=== EXERCISE ===
Skip all pictures. Write out the data below from its first line through the line that contains "Peridot (Olivin) Anhänger".

=== INFORMATION SHOWN ===
- Opening Delimiter -

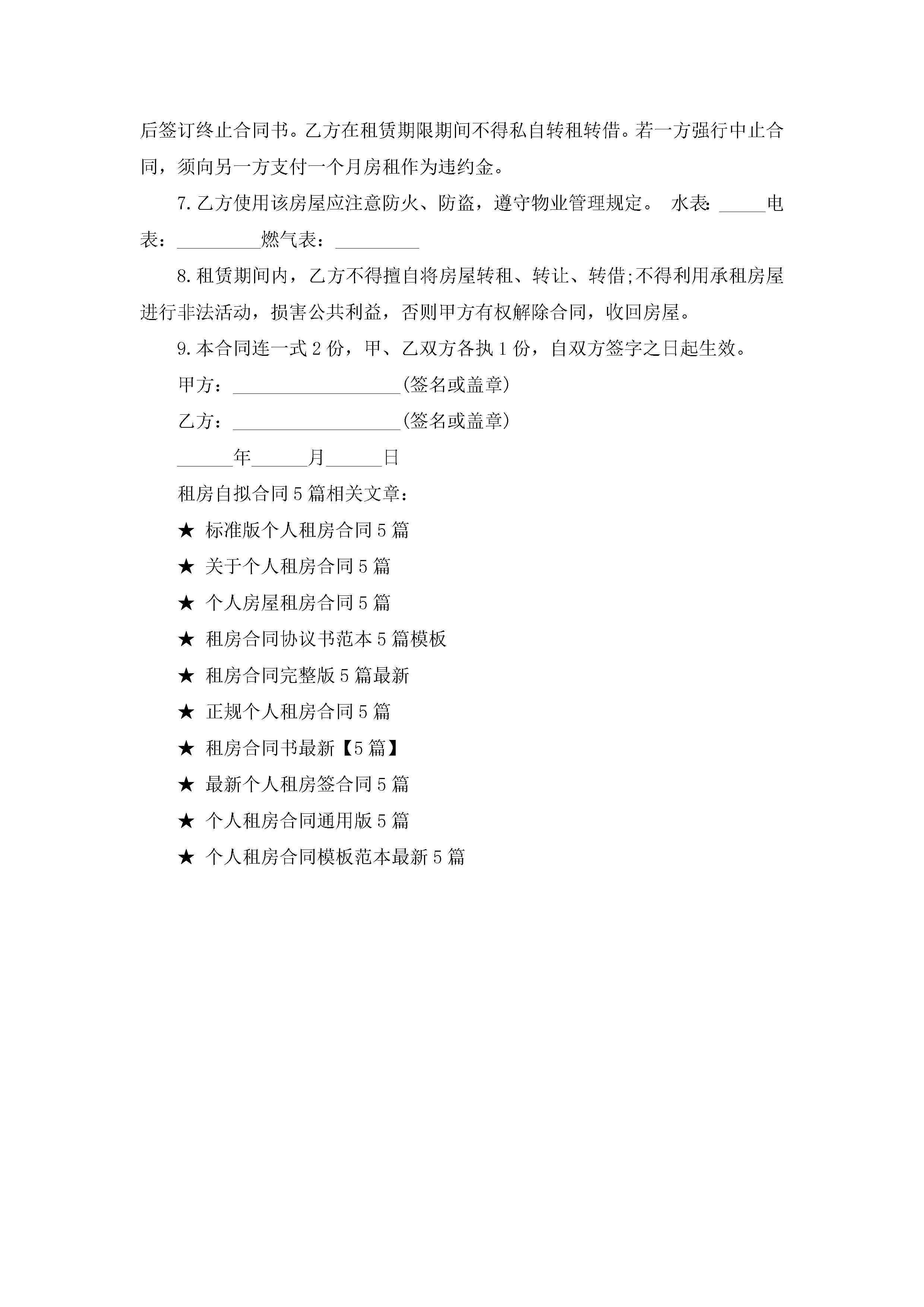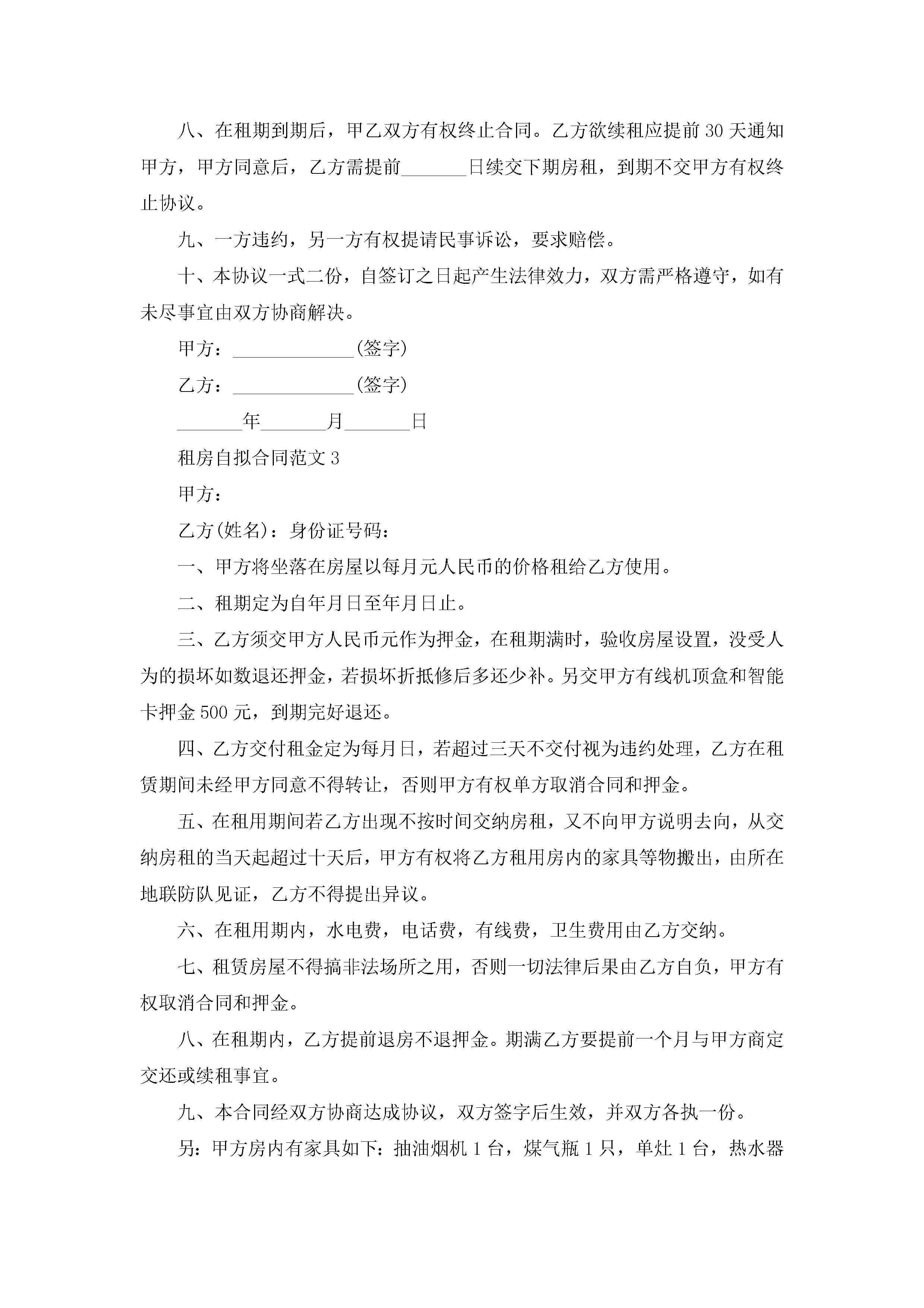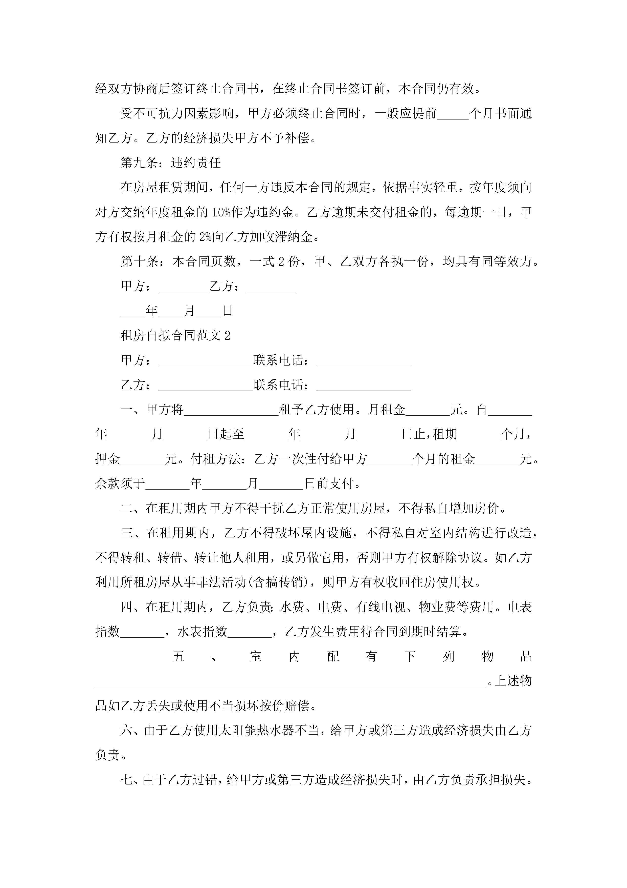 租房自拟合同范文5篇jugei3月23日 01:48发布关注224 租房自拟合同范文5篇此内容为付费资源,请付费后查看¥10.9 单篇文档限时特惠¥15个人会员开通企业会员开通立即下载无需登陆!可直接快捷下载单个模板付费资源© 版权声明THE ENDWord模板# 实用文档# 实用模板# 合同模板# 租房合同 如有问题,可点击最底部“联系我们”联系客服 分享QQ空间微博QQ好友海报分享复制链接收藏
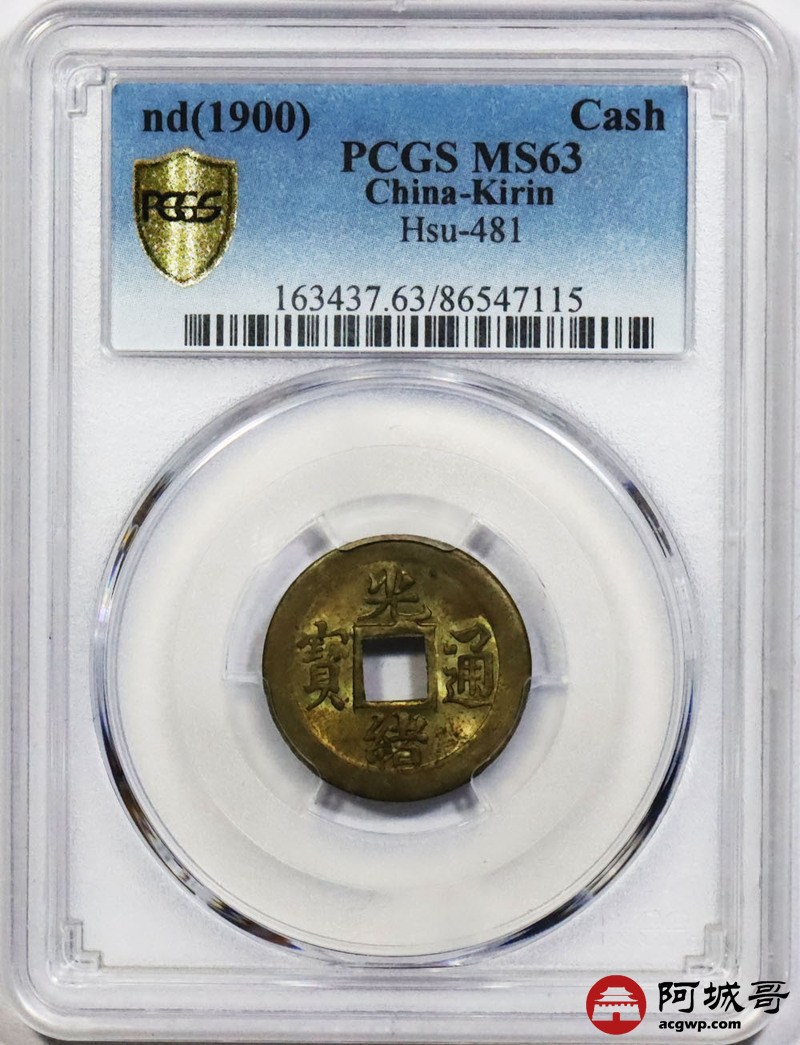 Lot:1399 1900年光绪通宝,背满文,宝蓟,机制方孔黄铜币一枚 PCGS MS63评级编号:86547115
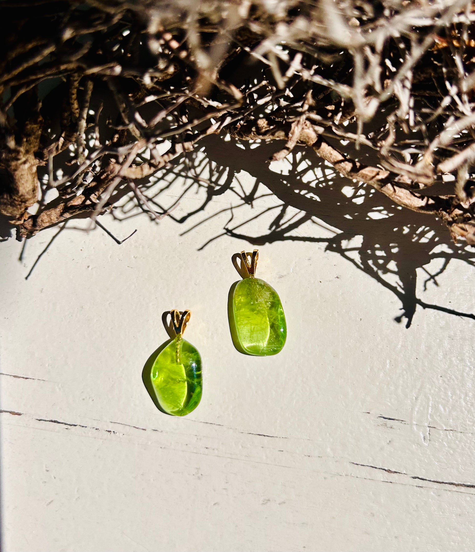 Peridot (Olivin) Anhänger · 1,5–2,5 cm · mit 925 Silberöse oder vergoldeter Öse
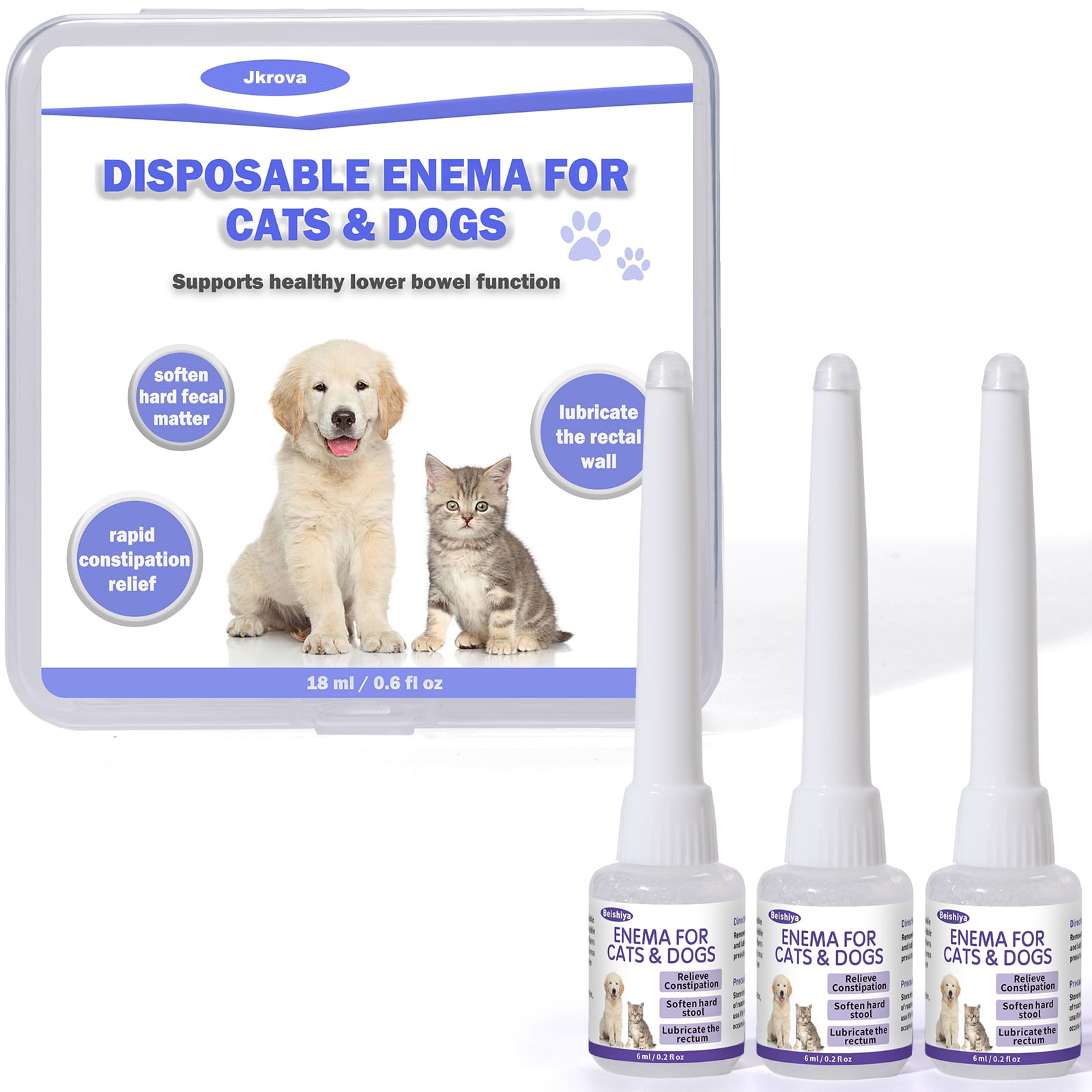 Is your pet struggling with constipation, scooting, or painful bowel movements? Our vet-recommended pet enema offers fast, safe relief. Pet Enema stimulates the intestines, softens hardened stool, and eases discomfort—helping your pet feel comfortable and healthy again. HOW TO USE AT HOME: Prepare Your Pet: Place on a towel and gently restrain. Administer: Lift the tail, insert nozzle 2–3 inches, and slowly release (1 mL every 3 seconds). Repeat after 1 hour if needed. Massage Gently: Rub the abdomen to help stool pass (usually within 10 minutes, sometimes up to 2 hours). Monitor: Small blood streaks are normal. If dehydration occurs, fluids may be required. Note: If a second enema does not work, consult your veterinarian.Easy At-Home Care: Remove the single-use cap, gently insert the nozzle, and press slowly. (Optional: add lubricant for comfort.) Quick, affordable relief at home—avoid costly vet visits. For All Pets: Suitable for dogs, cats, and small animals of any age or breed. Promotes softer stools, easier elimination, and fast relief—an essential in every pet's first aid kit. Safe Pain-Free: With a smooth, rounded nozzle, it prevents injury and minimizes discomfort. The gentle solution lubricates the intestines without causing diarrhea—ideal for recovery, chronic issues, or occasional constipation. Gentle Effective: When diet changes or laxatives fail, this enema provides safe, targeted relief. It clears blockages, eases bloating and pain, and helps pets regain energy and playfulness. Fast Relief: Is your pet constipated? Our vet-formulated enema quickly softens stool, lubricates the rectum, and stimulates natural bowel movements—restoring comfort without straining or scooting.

- Closing Delimiter -

=== OUTPUT FOR THIS EXERCISE ===
 租房自拟合同范文5篇jugei3月23日 01:48发布关注224 租房自拟合同范文5篇此内容为付费资源,请付费后查看¥10.9 单篇文档限时特惠¥15个人会员开通企业会员开通立即下载无需登陆!可直接快捷下载单个模板付费资源© 版权声明THE ENDWord模板# 实用文档# 实用模板# 合同模板# 租房合同 如有问题,可点击最底部“联系我们”联系客服 分享QQ空间微博QQ好友海报分享复制链接收藏
 Lot:1399 1900年光绪通宝,背满文,宝蓟,机制方孔黄铜币一枚 PCGS MS63评级编号:86547115
 Peridot (Olivin) Anhänger · 1,5–2,5 cm · mit 925 Silberöse oder vergoldeter Öse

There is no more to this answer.